**Problem to work on**
From the data that follows, print exactly the lines starting at the one containing "Where a = (xa1,xa2,...,xap)" and ending at the one containing "제일 아래에 난 같은"; include both of them and nothing more.
Raw data section start
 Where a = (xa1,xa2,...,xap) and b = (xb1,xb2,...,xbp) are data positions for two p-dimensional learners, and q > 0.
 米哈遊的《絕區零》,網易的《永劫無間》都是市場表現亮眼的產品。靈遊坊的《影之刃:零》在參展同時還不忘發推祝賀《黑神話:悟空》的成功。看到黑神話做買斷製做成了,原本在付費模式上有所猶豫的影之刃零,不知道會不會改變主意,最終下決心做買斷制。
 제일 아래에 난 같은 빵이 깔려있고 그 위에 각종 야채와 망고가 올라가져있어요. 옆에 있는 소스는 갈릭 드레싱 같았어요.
Raw data section end
Raw data section start
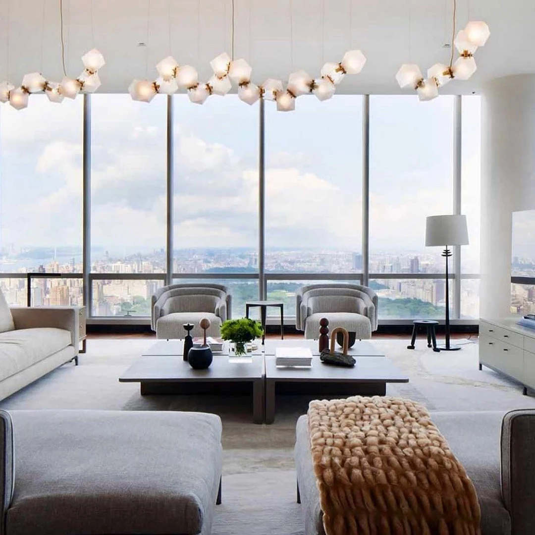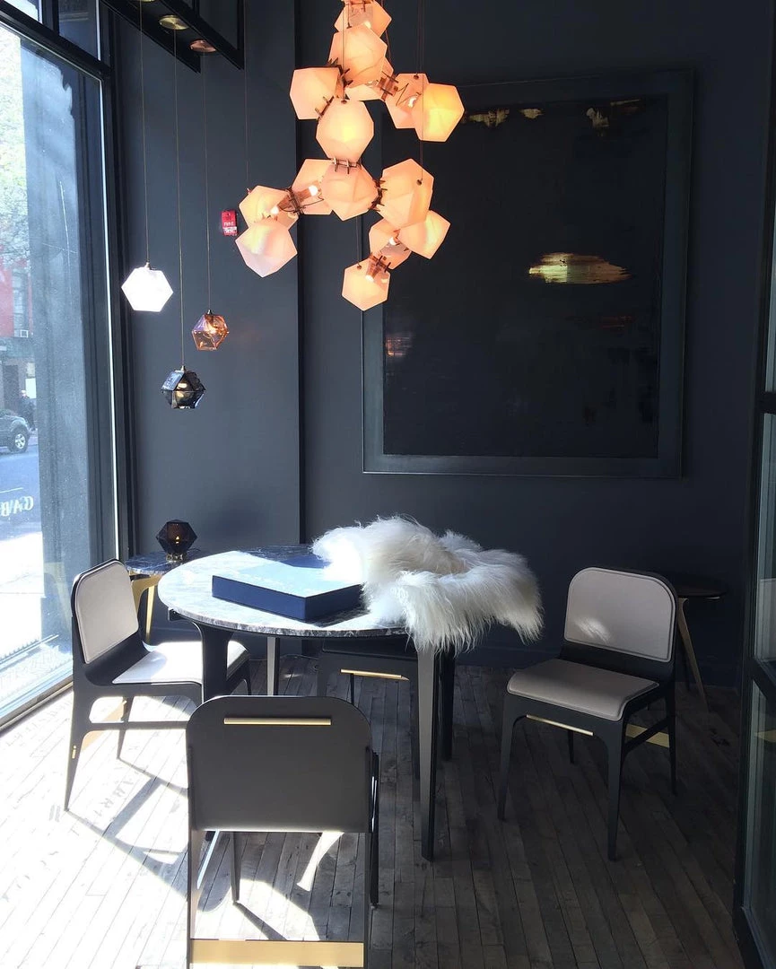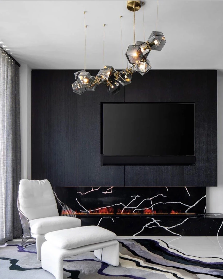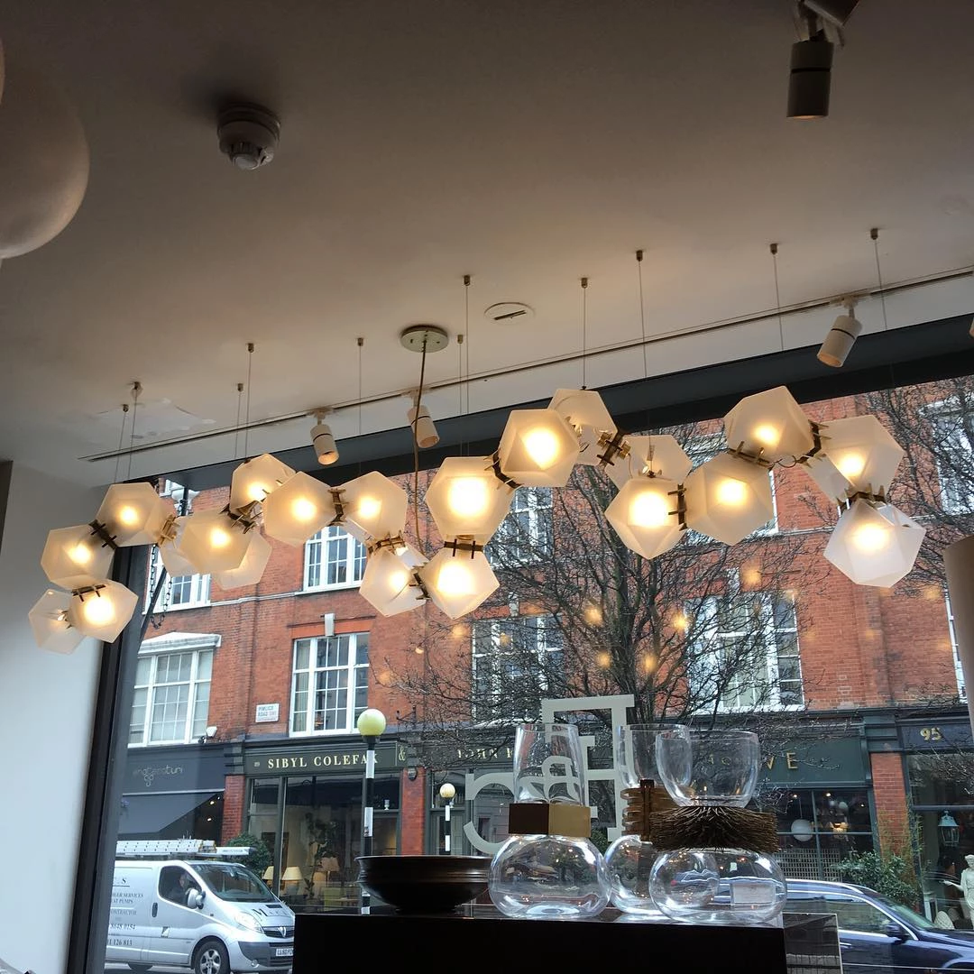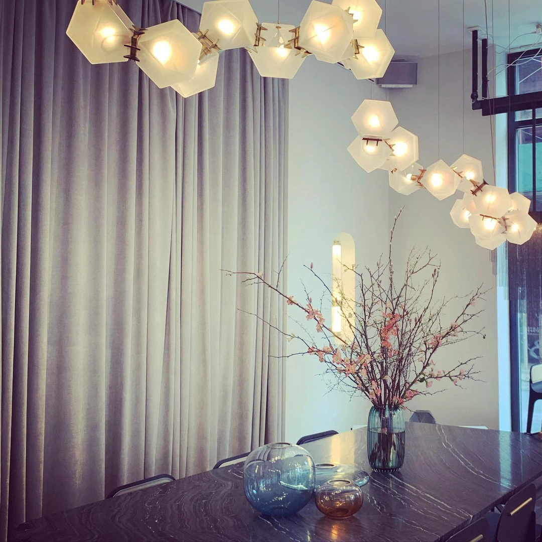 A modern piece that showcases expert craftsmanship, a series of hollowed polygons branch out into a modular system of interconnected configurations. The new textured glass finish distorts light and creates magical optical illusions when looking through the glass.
Raw data section end
**Your response**
 Where a = (xa1,xa2,...,xap) and b = (xb1,xb2,...,xbp) are data positions for two p-dimensional learners, and q > 0.
 米哈遊的《絕區零》,網易的《永劫無間》都是市場表現亮眼的產品。靈遊坊的《影之刃:零》在參展同時還不忘發推祝賀《黑神話:悟空》的成功。看到黑神話做買斷製做成了,原本在付費模式上有所猶豫的影之刃零,不知道會不會改變主意,最終下決心做買斷制。
 제일 아래에 난 같은 빵이 깔려있고 그 위에 각종 야채와 망고가 올라가져있어요. 옆에 있는 소스는 갈릭 드레싱 같았어요.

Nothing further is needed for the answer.